だが、ジブラルタ兵にはそんなことはわからない。自軍の長がオークヴィルを襲撃し、この戦争のきっかけを作ったという話が真実味を帯び、重くのしかかる。
「聞きなさい、我がジブラルタ王国の忠実なる戦士達よ!」
ローズが海竜の頭から飛び降り、ジブラルタ兵達に近づいて行く。
「はっ」
先頭にいた兵が跪くと、その他の兵達も次から次にそれに倣っていく。逃走した傭兵達と一部の兵を除く、約2千もの兵がローズに首を垂れた。
「これから私は、火龍イグニス様の従者であるアルフレッドとともにパルマノヴァの砦に赴き、ウェイクリング領兵軍に進攻を止めるよう交渉します。貴方達はトラヴィスの町まで撤退し、以降は王命があるまで待機しなさい。町の専守防衛以外、一切の戦闘行為を禁じます。いいですね?」
「はっ!」
ジブラルタ兵達の先頭で跪く大隊長らしき人物が、ローズの命令を受け入れた。
「ふ、ふ、ふざけるな……」
ただ一人、膝をつかずに呆然と立ち尽くしていたフィオレンツォは、ぶるぶると怒りをこらえるように震え、絞り出すように声を上げた。
「ふざけるなぁ――――っ!!」
フィオレンツォが逆上し、騎士剣を手にローズの元へと突進する。ローズはそれを横目に見て、溜息をついた。
「お前さえいなければ! お前さえいなければ! 死ねぇ―――っ!!【剛・魔力撃】!!」
フィオレンツォは、俺達がジブラルタ王国に来るまでは最も深く海底迷宮を踏破し、王位継承の最有力候補であった剣士だ。俺の【威圧】が効いていなかったことからも、おそらく40台後半の身体レベルを持つ実力者だ。
「【光の盾】」
だがローズには通じない。第5位階の光の障壁を、即座に発動したローズは、フィオレンツォが振り下ろした騎士剣を易々と受け止める。
「なっ!?」
「【魔弾】」
「ぐあっ!」
ローズは光の障壁を解除し、ほぼ同時に魔力弾を放つ。

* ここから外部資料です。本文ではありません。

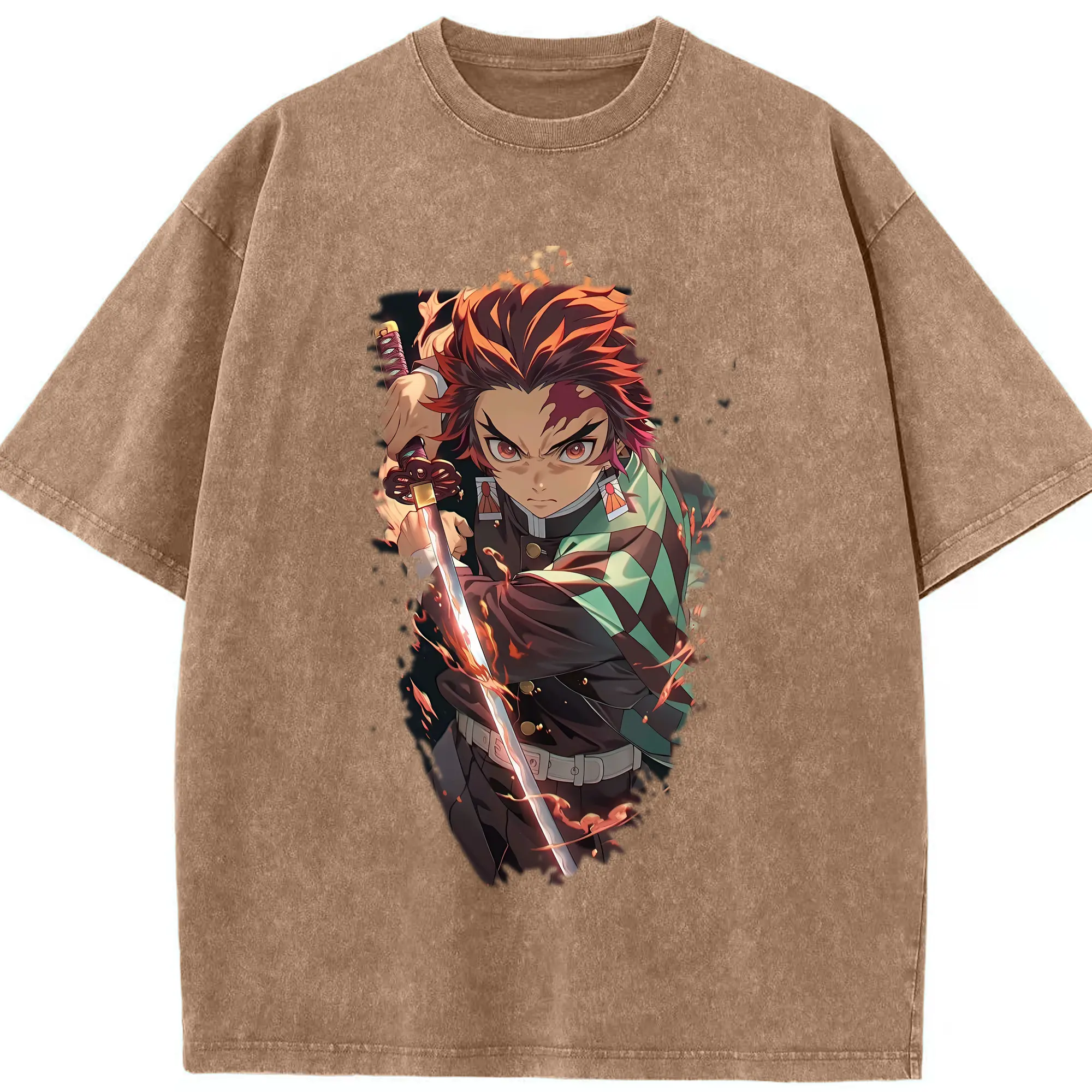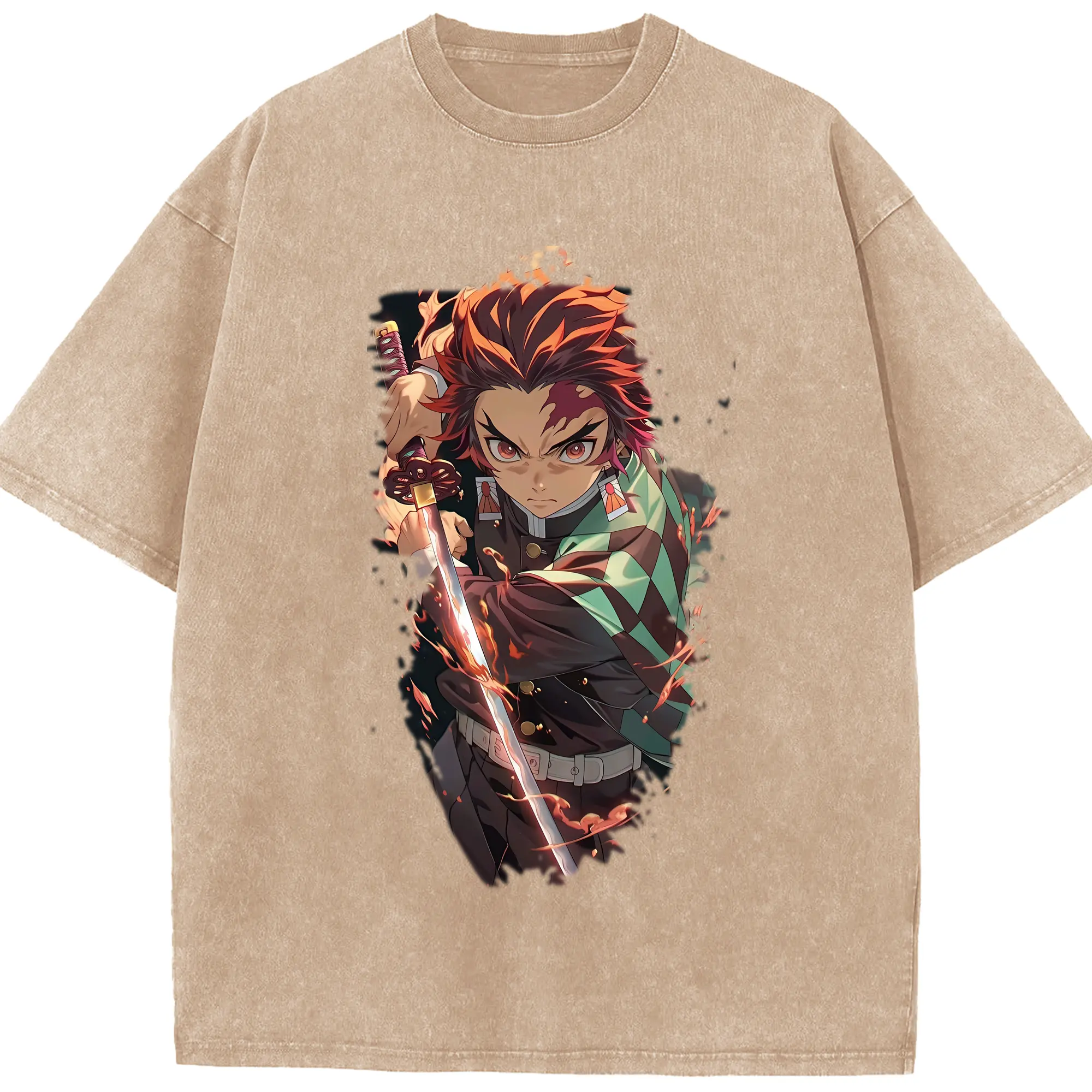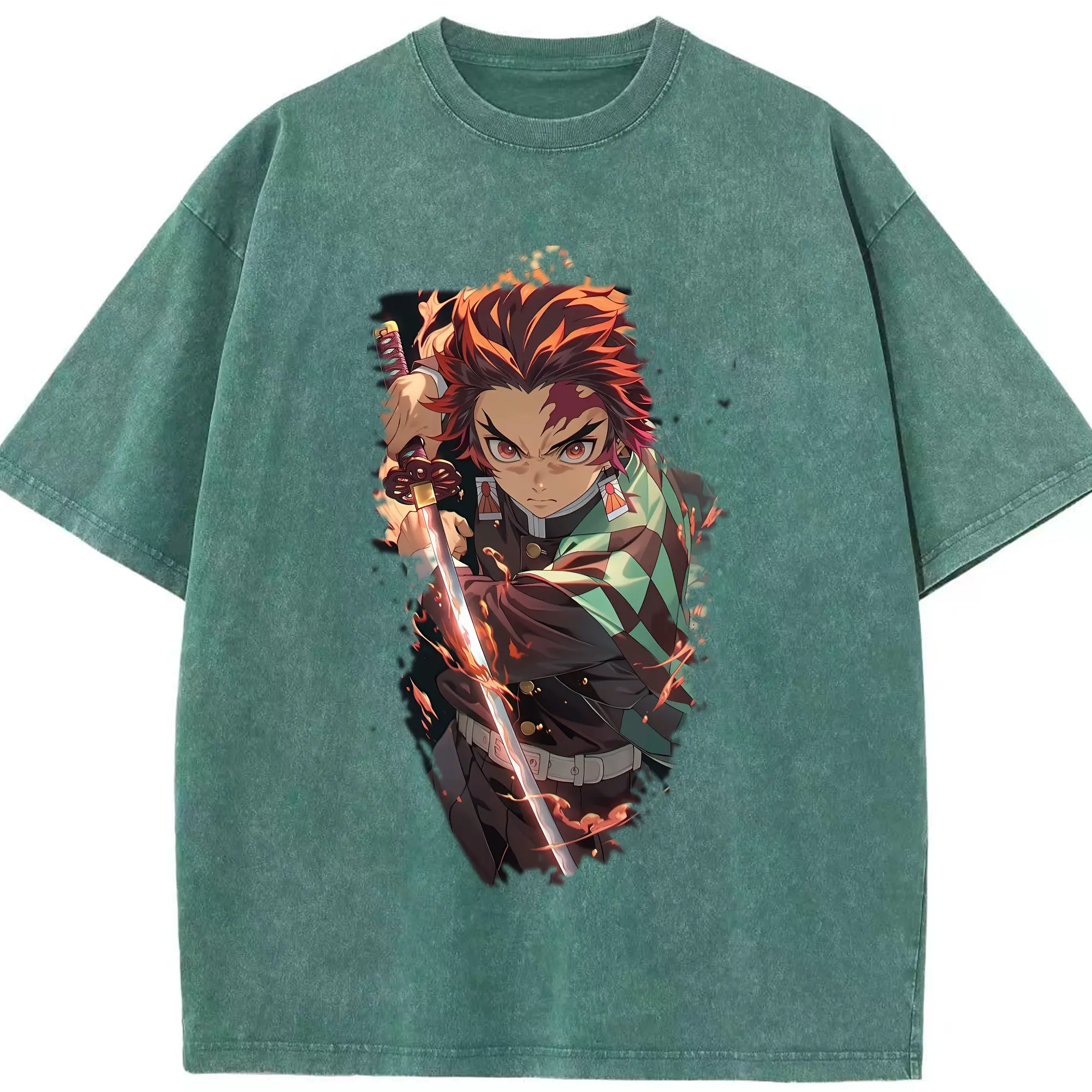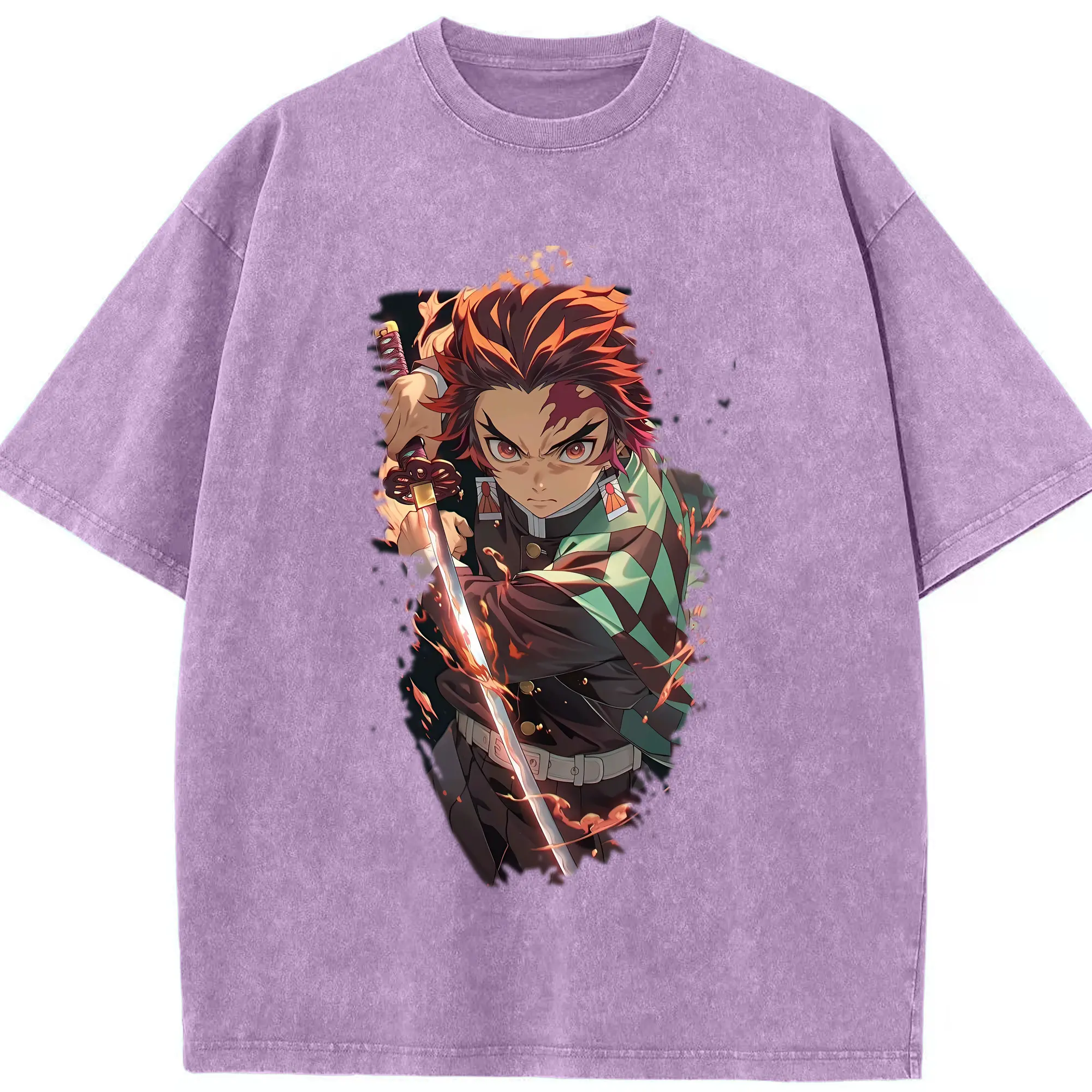 鬼滅の刃 グッズ,竈門 炭治郎 - 綿100% 半袖Tシャツ ・ フロントプリント ・ 快適 通気性 ・ 日常使い 散歩 スポーツ用

フィオレンツォは人の頭ほどの大きさの魔力弾を真正面からぶつけられ、吹き飛ばされた。
「【聖槍】!」
「うぐぁぁぁぁっっ!!! いだいっ、いだい、いだいぃぃぃっ!!」
続けて放たれた光の槍が、フィオレンツォの右脚に深々と突き刺さる。フィオレンツォは骨が断たれて千切れかけた右脚をおさえ、ゴロゴロと転がり悶え叫ぶ。
「【魔弾】」
明らかに戦闘不能状態のフィオレンツォに、ローズはさらに追撃する。衝撃で弾き飛ばされ、右脚が千切れる。フィオレンツォは意識を手放し、死にかけの虫のようにピクピクと痙攣した。
ジブラルタ兵達は容赦の無い攻撃に言葉を失くし、静まり返った。
「逆臣フィオレンツォを捕らえ、王都マルフィに送還しなさい」
「はっ!」
ローズがフィオレンツォをここまで執拗に追い詰めたのは、ジブラルタ兵達の逆らう気力を完膚なきまでに削ぐためだ。『龍の従者』に逆らってはならない。それを心根に深く刻み、心胆にまで知らしめるために。